Directions:
Your job is to return every line in the data holding the string "their".

Records to use:

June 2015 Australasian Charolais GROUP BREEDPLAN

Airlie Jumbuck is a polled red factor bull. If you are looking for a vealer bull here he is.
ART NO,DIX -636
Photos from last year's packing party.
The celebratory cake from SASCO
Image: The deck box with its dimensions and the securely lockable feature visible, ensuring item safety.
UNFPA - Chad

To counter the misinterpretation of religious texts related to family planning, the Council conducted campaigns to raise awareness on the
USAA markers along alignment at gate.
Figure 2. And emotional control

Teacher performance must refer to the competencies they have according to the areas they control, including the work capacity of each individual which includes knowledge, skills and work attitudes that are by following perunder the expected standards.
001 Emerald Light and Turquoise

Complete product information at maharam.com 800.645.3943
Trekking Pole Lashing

...

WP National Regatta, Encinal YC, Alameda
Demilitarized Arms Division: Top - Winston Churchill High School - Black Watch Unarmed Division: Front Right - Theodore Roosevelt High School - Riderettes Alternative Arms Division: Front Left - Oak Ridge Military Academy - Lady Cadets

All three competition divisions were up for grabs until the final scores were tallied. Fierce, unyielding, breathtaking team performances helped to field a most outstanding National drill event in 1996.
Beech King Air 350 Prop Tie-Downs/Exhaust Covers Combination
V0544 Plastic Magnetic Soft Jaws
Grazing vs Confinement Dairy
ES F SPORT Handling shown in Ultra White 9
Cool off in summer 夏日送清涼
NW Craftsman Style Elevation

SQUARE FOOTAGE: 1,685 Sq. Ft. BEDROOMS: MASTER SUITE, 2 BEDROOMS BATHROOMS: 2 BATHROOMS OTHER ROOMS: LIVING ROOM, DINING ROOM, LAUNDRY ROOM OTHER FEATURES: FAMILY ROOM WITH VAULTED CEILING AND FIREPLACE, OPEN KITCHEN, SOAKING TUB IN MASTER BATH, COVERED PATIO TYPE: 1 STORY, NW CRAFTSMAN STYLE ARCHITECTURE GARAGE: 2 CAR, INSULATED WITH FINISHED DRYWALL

* * *

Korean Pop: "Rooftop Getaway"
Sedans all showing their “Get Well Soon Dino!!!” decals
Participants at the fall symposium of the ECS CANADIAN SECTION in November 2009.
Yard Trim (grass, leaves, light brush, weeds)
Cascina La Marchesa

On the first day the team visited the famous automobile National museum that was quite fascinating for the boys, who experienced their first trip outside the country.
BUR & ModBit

Solved exercise:
Sedans all showing their “Get Well Soon Dino!!!” decals
On the first day the team visited the famous automobile National museum that was quite fascinating for the boys, who experienced their first trip outside the country.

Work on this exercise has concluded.